## WHAT THE TASK ASKS
Could you copy exactly the lines below from the one with "Inditex的37%供应商" to the one with "Fixation de renfort", inclusive, leaving out any pictures?

## DATASET RECORDS
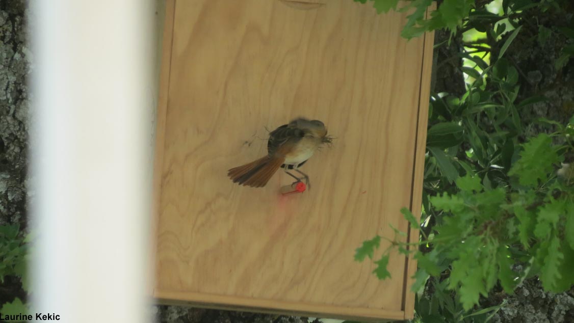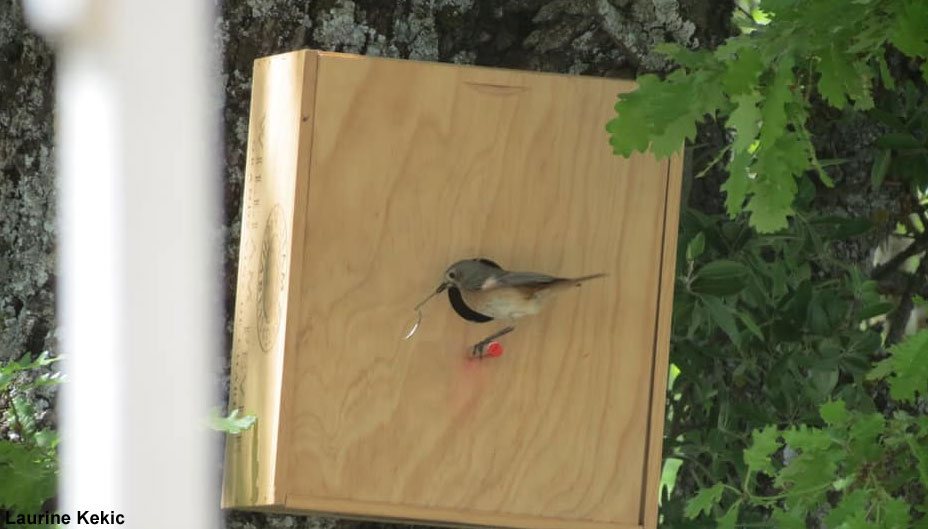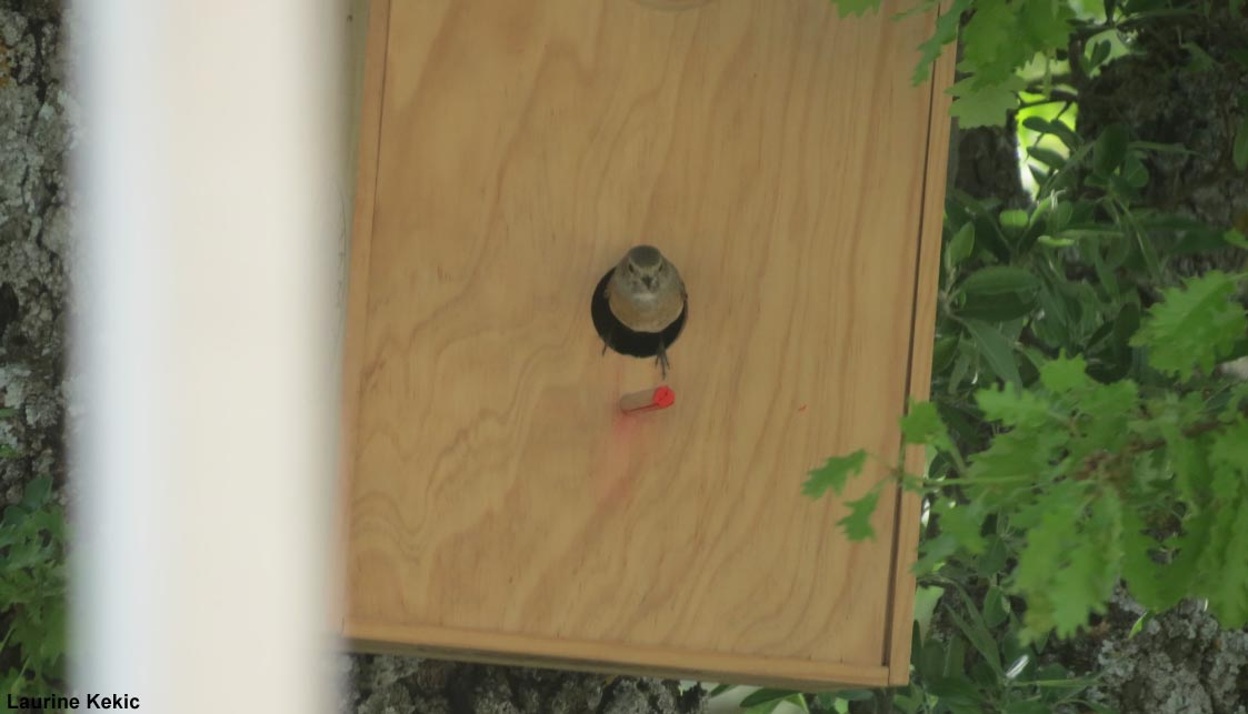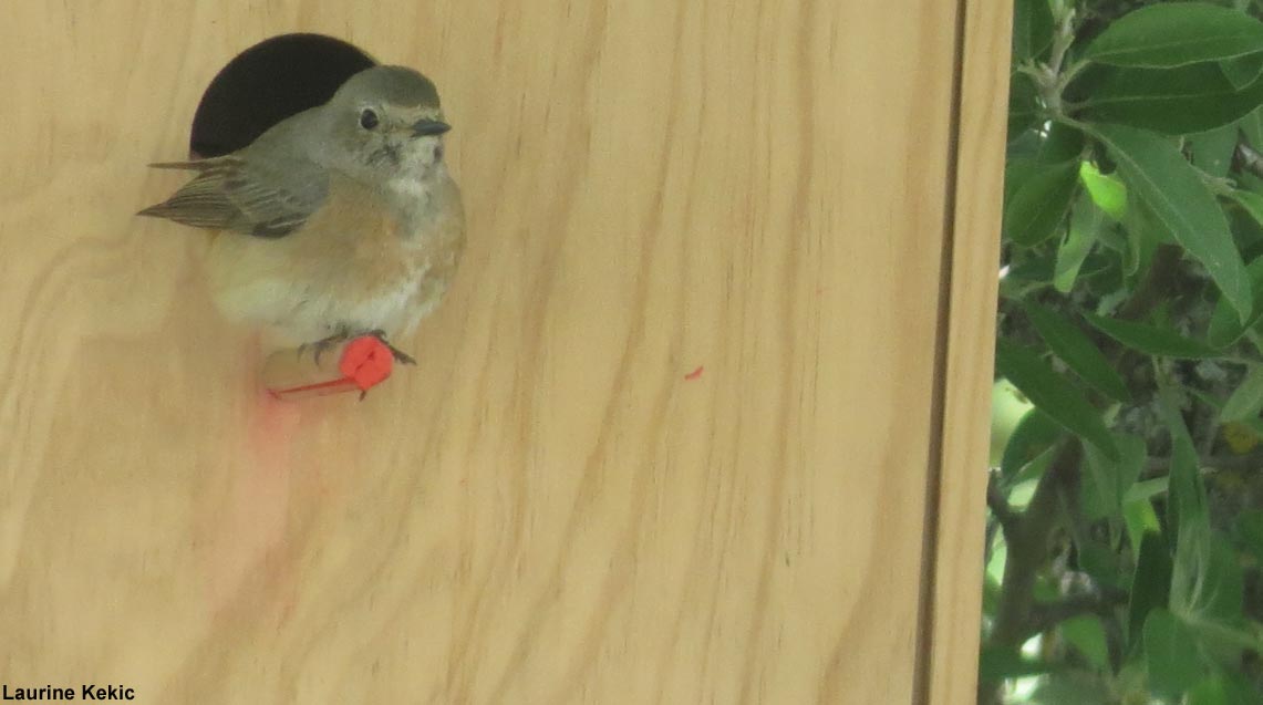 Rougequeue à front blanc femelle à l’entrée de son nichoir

* * *

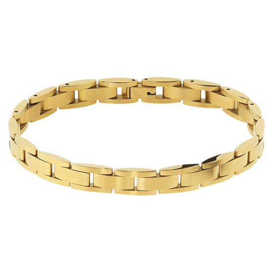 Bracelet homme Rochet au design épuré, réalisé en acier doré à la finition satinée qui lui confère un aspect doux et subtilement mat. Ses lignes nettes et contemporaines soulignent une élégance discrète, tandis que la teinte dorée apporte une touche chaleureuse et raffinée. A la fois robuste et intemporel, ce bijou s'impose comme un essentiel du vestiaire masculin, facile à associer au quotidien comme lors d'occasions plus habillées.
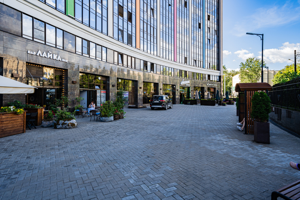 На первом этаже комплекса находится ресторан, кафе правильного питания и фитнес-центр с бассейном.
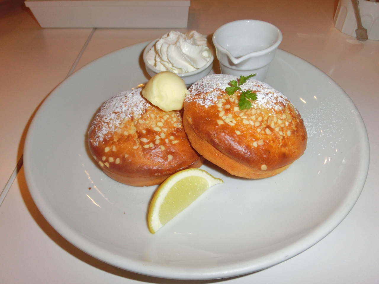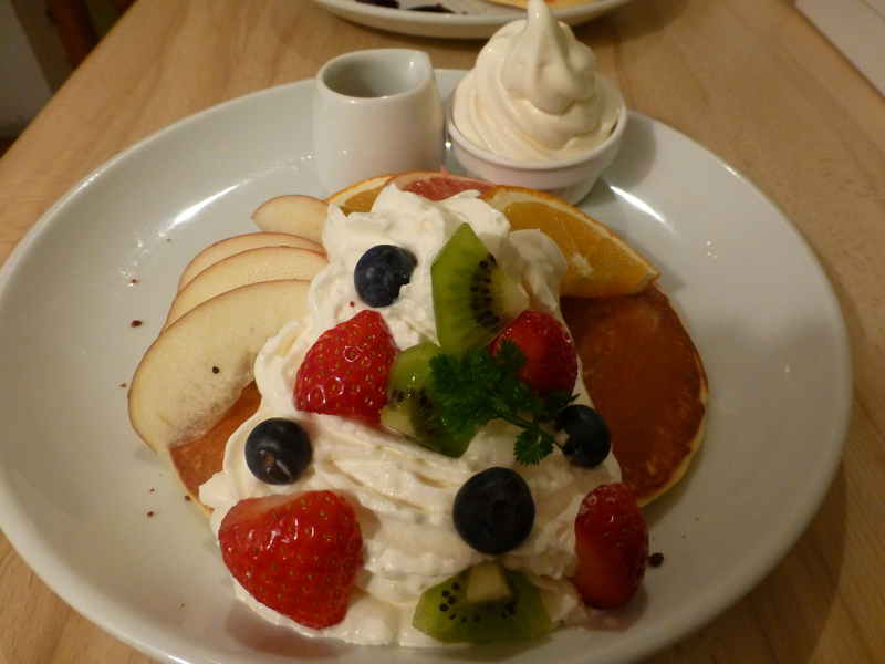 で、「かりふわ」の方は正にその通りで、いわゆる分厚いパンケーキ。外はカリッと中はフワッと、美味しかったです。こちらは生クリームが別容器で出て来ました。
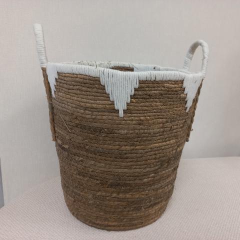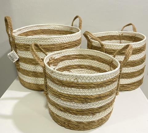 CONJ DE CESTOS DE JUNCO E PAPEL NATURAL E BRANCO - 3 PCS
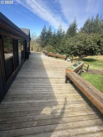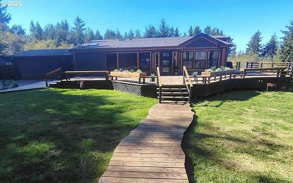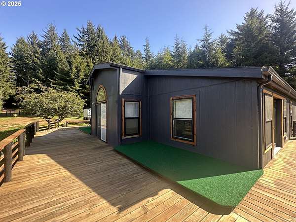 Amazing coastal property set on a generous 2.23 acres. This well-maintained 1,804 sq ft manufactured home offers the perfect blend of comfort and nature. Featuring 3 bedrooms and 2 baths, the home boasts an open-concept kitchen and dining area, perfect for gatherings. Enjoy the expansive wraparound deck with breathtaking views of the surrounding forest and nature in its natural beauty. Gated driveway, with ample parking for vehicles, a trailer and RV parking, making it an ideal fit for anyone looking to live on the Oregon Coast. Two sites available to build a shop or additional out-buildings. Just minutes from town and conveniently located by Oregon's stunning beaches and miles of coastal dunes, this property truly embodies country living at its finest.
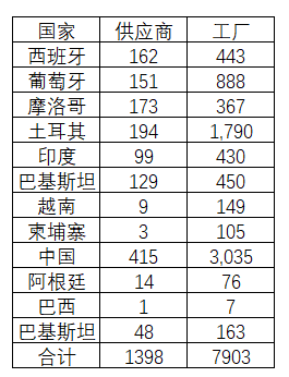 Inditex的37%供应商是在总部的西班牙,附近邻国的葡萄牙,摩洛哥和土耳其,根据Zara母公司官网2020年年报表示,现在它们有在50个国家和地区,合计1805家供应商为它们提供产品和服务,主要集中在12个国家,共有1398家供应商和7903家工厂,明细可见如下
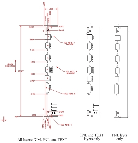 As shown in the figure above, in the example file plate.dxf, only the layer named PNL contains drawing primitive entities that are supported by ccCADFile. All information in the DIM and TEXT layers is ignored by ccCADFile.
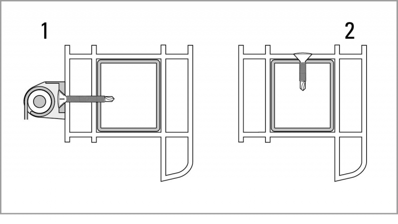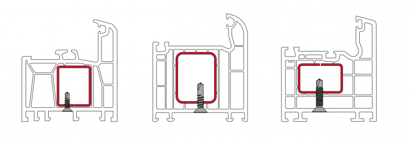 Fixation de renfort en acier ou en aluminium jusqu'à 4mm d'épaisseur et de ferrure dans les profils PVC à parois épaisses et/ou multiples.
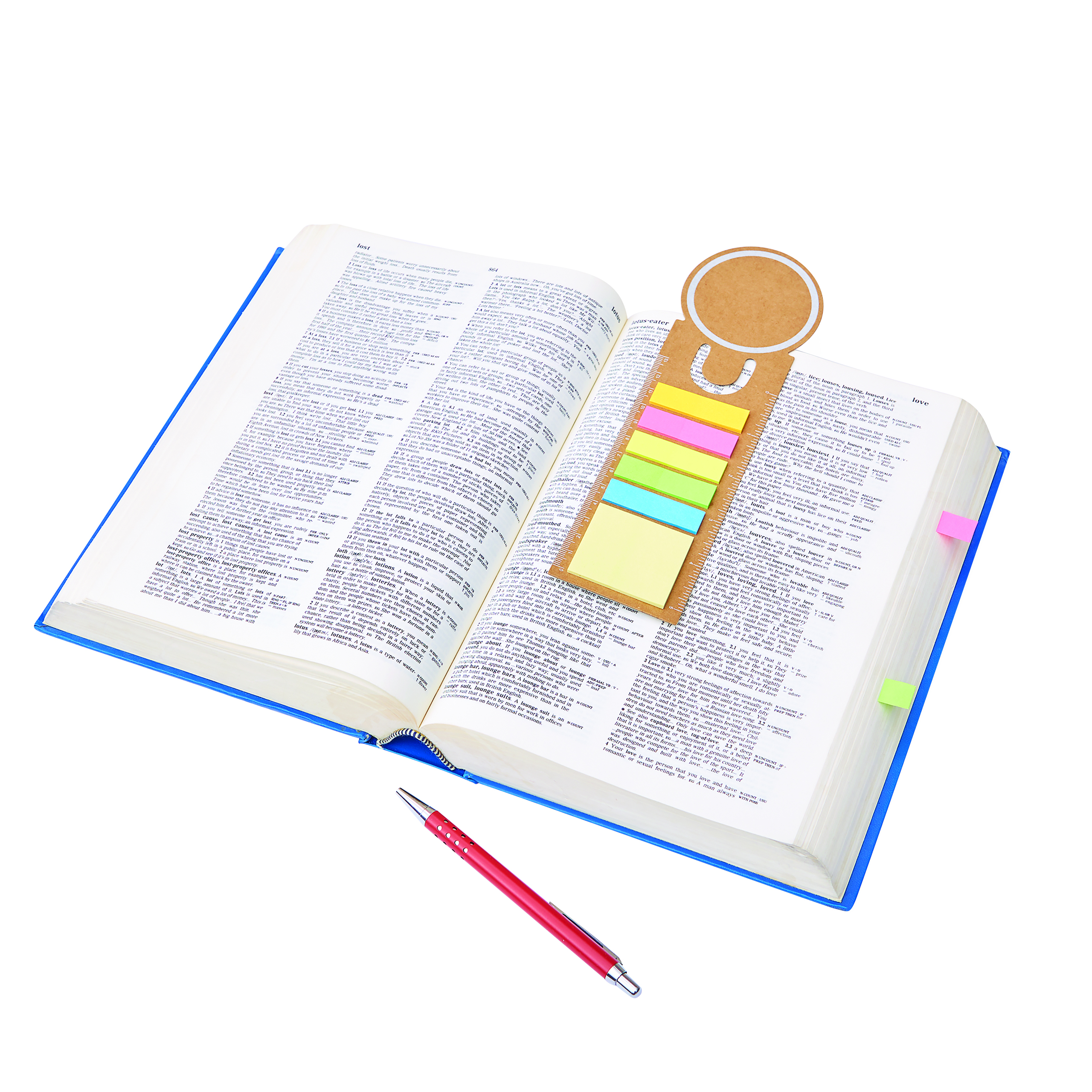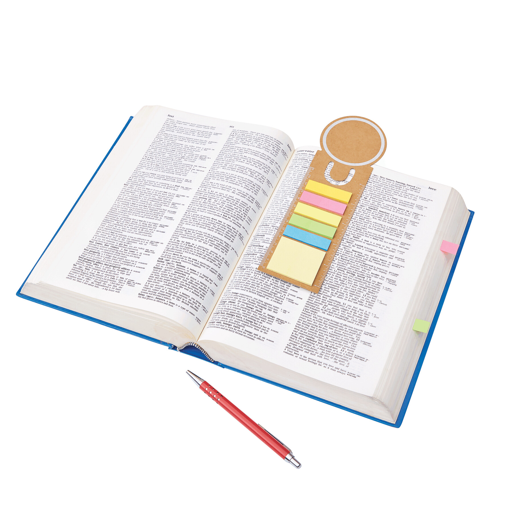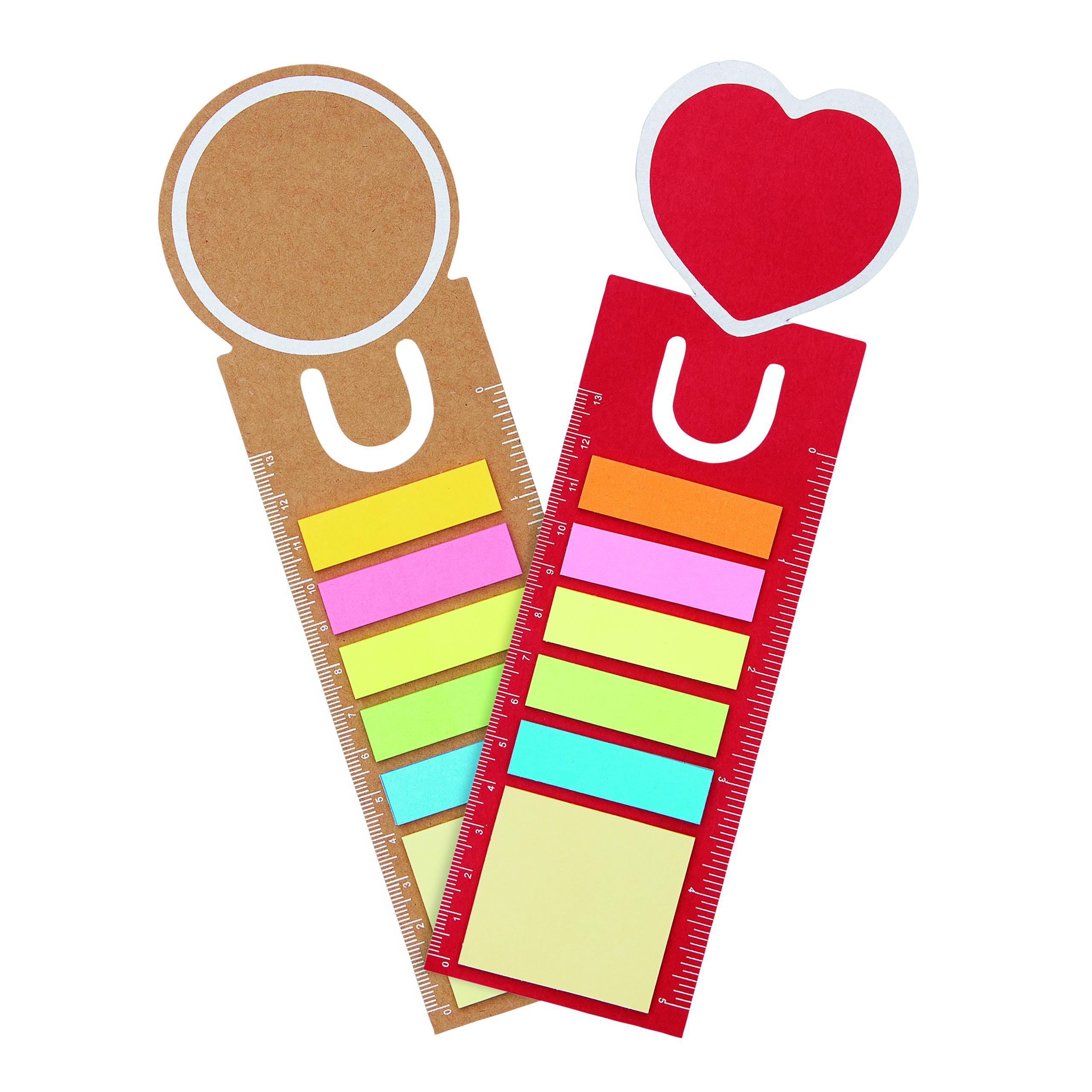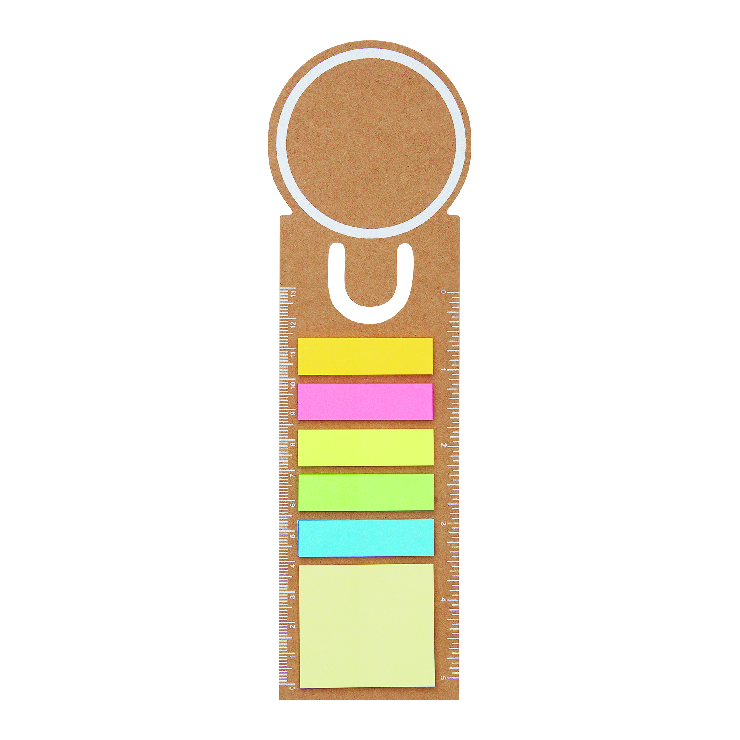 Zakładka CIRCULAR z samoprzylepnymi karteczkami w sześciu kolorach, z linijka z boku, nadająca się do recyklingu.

==

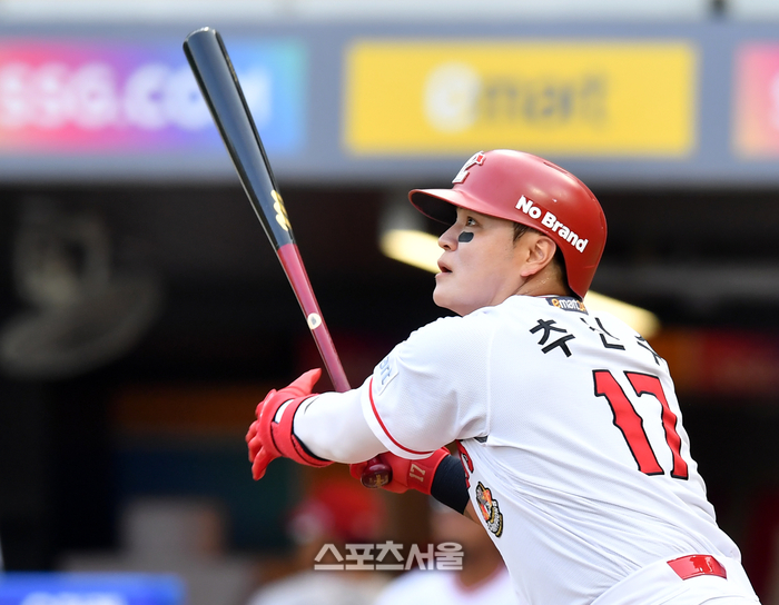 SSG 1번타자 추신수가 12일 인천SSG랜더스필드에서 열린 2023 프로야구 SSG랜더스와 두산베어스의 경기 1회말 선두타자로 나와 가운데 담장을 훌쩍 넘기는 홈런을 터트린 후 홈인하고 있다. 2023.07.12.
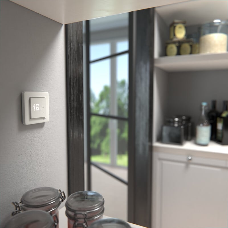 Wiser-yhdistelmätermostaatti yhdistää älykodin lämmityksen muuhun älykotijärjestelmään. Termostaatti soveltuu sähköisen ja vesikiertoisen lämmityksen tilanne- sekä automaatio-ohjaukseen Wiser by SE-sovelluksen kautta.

## RESPONSE TO THIS EXERCISE
 Inditex的37%供应商是在总部的西班牙,附近邻国的葡萄牙,摩洛哥和土耳其,根据Zara母公司官网2020年年报表示,现在它们有在50个国家和地区,合计1805家供应商为它们提供产品和服务,主要集中在12个国家,共有1398家供应商和7903家工厂,明细可见如下
 As shown in the figure above, in the example file plate.dxf, only the layer named PNL contains drawing primitive entities that are supported by ccCADFile. All information in the DIM and TEXT layers is ignored by ccCADFile.
 Fixation de renfort en acier ou en aluminium jusqu'à 4mm d'épaisseur et de ferrure dans les profils PVC à parois épaisses et/ou multiples.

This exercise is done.